La ricetta anti sprechi: meno enti e più poteri con i sindaci in campo

diMeno province, ma con più poteri. È questa la proposta che mi sento di avanzare nel dibattito sulla possibile abolizione delle province. La battaglia è giusta. È stato chiesto alle famiglie un importante sacrificio per salvaguardare l’Italia dalle minacce degli speculatori; il governo ha responsabilmente delineato una manovra che ci porterà – come chiesto dall’Europa - al pareggio di bilancio entro il 2014. Intanto però si perpetuano sprechi inaccettabili sul fronte delle risorse pubbliche che alimentano caste, strutture, burocrazie e privilegi. E tra le istituzioni su cui occorre una riflessione ci sono proprio le province. Oggi se ne contano 110. Alcune relative a importanti territori e con un alta densità abitativa (la provincia di Varese ha il triplo degli abitanti del Molise). Altre con un numero di abitanti inferiore a città di provincia: Ogliastra e Isernia hanno meno di 90mila abitanti, meno di Torre del Greco o di Cesena. Ridotto anche il numero di comuni: Carbonia-Iglesias ne coinvolge 23, Barletta-Andria-Trani 10, Prato 7.
E i costi? Altissimi. Il 99% delle province spende più di quello che ha. Il 73% dei trasferimenti dello Stato è destinato a dipendenti, spese di rappresentanza e mantenimento, solo il 27% in servizi e investimenti. Ogni ente porta con sé altre strutture parallele: prefettura, questura, comando dei vigili del fuoco, dei carabinieri e della forestale, archivio di Stato, sovrintendenza, dipartimenti provinciali per la commissione tributaria e per la Guardia di finanza. Solo la Banca d’Italia ha evitato in questi anni di aprire sedi in tutte le 110 province: siamo fermi a 95. La Bank of England ha una sola sede e 10 filiali sul territorio del Regno Unito. Qui si annida il vero sperpero di denaro pubblico costituito da sedi, apparati, dirigenti, quadri e consulenti a volontà.

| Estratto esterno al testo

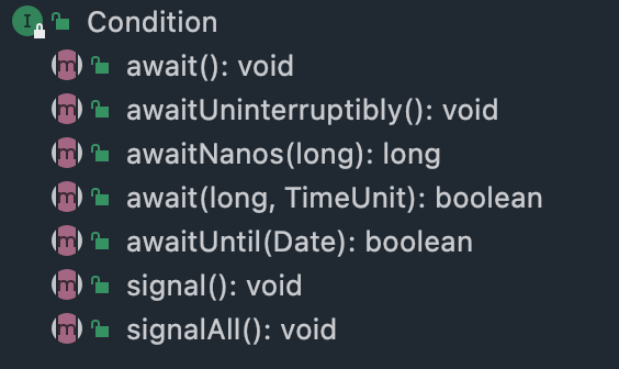 Condition 接口一共提供了以下 7 个方法:
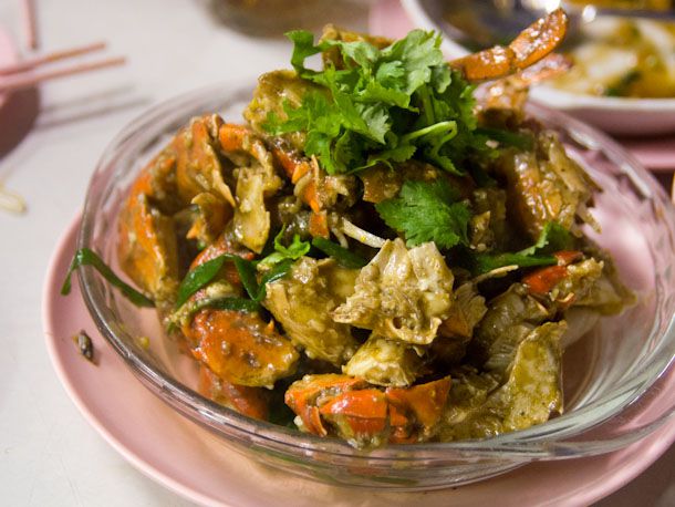 What many consider Singapore's national dish: crab in a sweet, spicy, eggy chili sauce made with onions, garlic, chili paste, plenty of oil, and the natural broth that forms from simmering the crab. It's best to wear a bib for this one; cracking the crab shells sends sauce flying. Leftover sauce is usually sopped up with fried mantou buns, or gets poured over noodles. You can find chili crab in hawker centers, but a local warned me that it's probably best to seek this dish out in a restaurant, where the crab is likely of higher quality. Wherever you find it, know that chili crab sauce can sometimes be on the sweet side. It's a great thing, but perhaps unexpected for Western seafood palates.
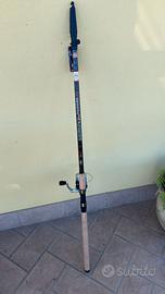 Canna lancer 4.20 m. 100% carbonio potenza lancio fino a 80 grammi compresa di mulinello 6000 a 4 cuscinetti già imbobinato con 200 m di filo.
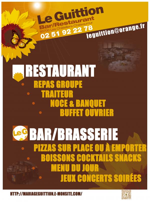 Son bar: Ouvert 7/7, de 9h30 à 21h en semaine et de 10h à 2h le week end. Son service bistro avec sa formule à 11€ le midi en semaine, ainsi que son service pizza, agrémenté de son petit coin salon pour les moments entre amis. Un patio est à votre disposition pour les fumeurs ou pour les déjeuners et dîners au soleil. Toilette aux normes handicapés. wifi gratuit. Ses salles de réception de 30 à 250 couverts : Repas de famille, banquet, noce, repas d’entreprise, le week end et en semaine le Guittion s’adapte à vos besoins, dans ces trois salles modulables de plein pied, bordées d’un parking privé de 300 places. Le Guittion s’adapte à vos envies de restauration ; buffet, repas classique, lunch et toute autre soirée à thème.
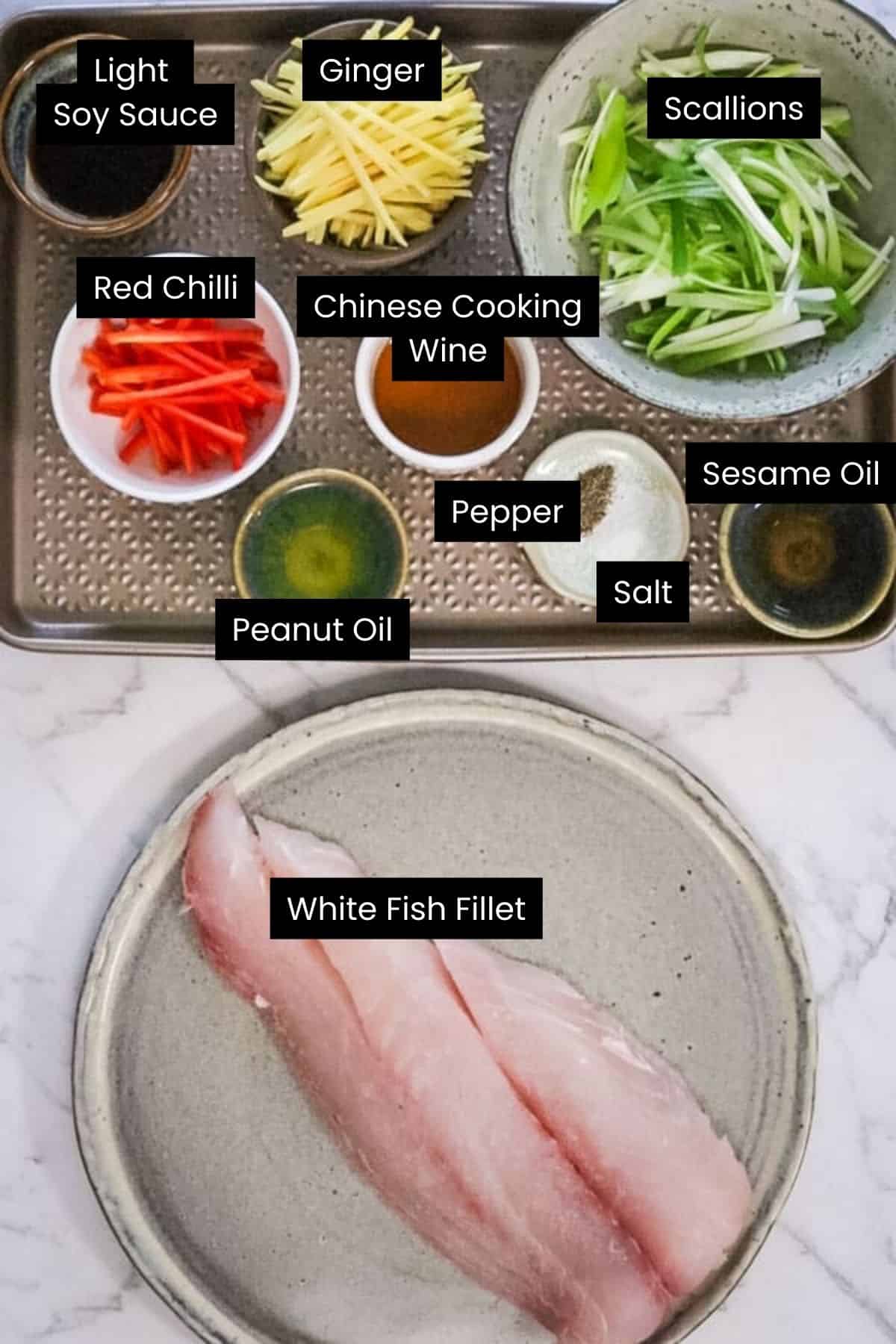 - If you're steaming in a steam oven, place the fish on a lightweight stainless steel tray in a single layer. For a steamer basket, place the fish onto a heatproof plate which fits inside a bamboo or basket steamer. Mix the Chinese cooking wine, salt and pepper in a small bowl and drizzle the top of the fish with the mixture.4 5oz white fish fillets, 1 Tbsp Chinese cooking wine, 1/2 tsp fine salt, 1/2 tsp black pepper
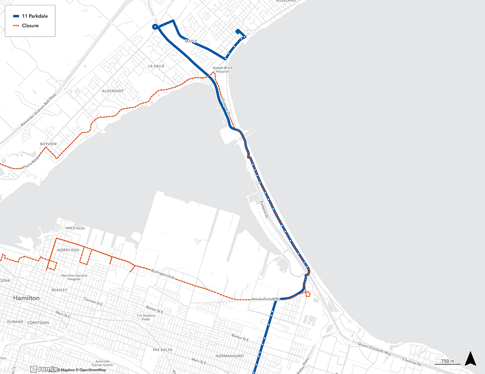 On Sunday, April 12, 2026 many HSR routes will be on Detour due to the Around the Bay Road Race.
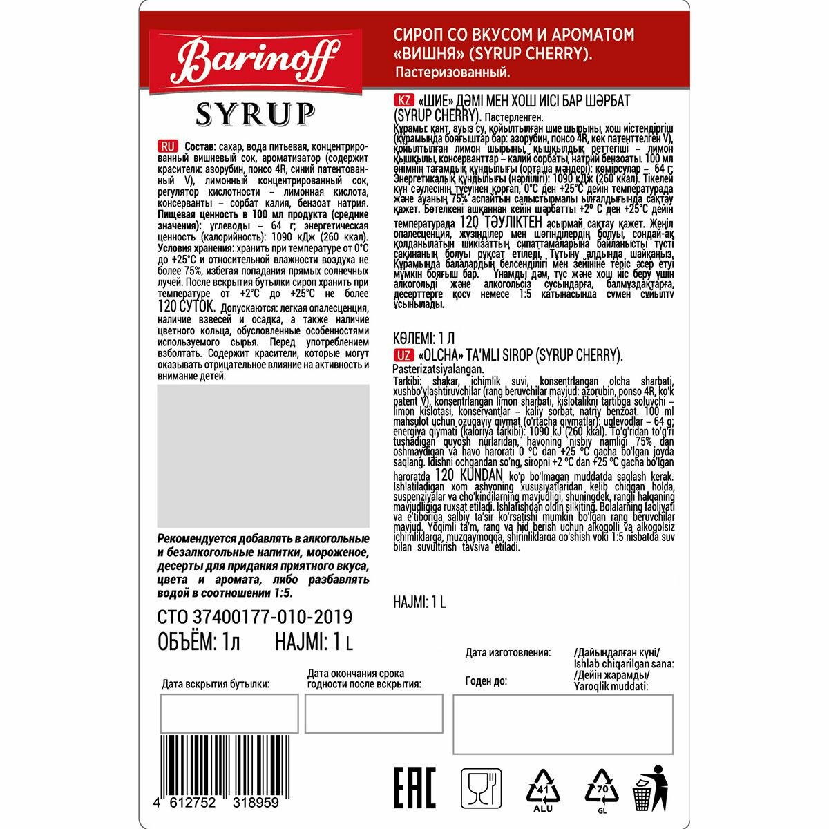 Сироп Barinoff Вишня, для кофе и коктейлей, 1 л

Si impone una seconda riflessione: in alcune realtà la provincia può assicurare una migliore efficacia ed efficienza nel dare risposta ai propri territori, essendo una struttura certamente più vicina alla gente rispetto alla Regione. Il sindaco di Livigno avrà più facilità, anche solo in considerazione delle distanze, ad accordarsi con l’amministrazione provinciale di Sondrio piuttosto che rivolgersi alla Regione. Non solo: molte province sono parte della nostra storia in quanto istituzioni con un’identità e una storia antiche. È dunque a mio giudizio sbagliato affermare l’inutilità delle province in sé o la necessità della loro totale abolizione.
Quale dunque la mia proposta? Primo: stabilire un numero minimo di 400/500mila abitanti per la sopravvivenza di una provincia. Tale criterio consentirebbe un taglio di quasi 50 enti, con una forte economia in termini di mancate spese e una rilevante massa economica da poter utilizzare per investimenti o per ridurre la pressione fiscale. Inoltre: 50 prefetture in meno, 50 questure in meno, 50 comandi dei carabinieri, della polizia, della forestale, dei vigili del fuoco, della Guardia di finanza in meno, ecc.
Secondo: aumentare il loro potere, allargando le competenze esecutive, contrastando così la tendenza verso un neo centralismo regionale consolidatosi dopo la riforma costituzionale della sinistra nel 2001 e fornendo più strumenti per essere operativamente a fianco dei sindaci e delle comunità locali. In questo modo i cittadini potranno più facilmente verificare nella quotidianità l’efficacia dei progetti realizzati dagli amministratori provinciali – che avranno sì più poteri, ma anche più responsabilità - e che per questo saranno premiati o condannati dagli elettori.
Nutro una speranza: un’Italia di 60 province autonome come quelle di Trento o Bolzano, con un presidente eletto e conosciuto e un consiglio provinciale composto dai sindaci del territorio, vera trincea della democrazia popolare.

Il nostro Paese ha bisogno di coraggio, per cambiare e per proseguire sulla strada del rinnovamento, assegnando davvero più autonomia ai territori e abbattendo spese per burocrazia e caste. Solo così si potrà realizzare un vero federalismo, nell’ottica di quel principio di sussidiarietà tante volte enunciato e che ancora aspetta una concreta attuazione.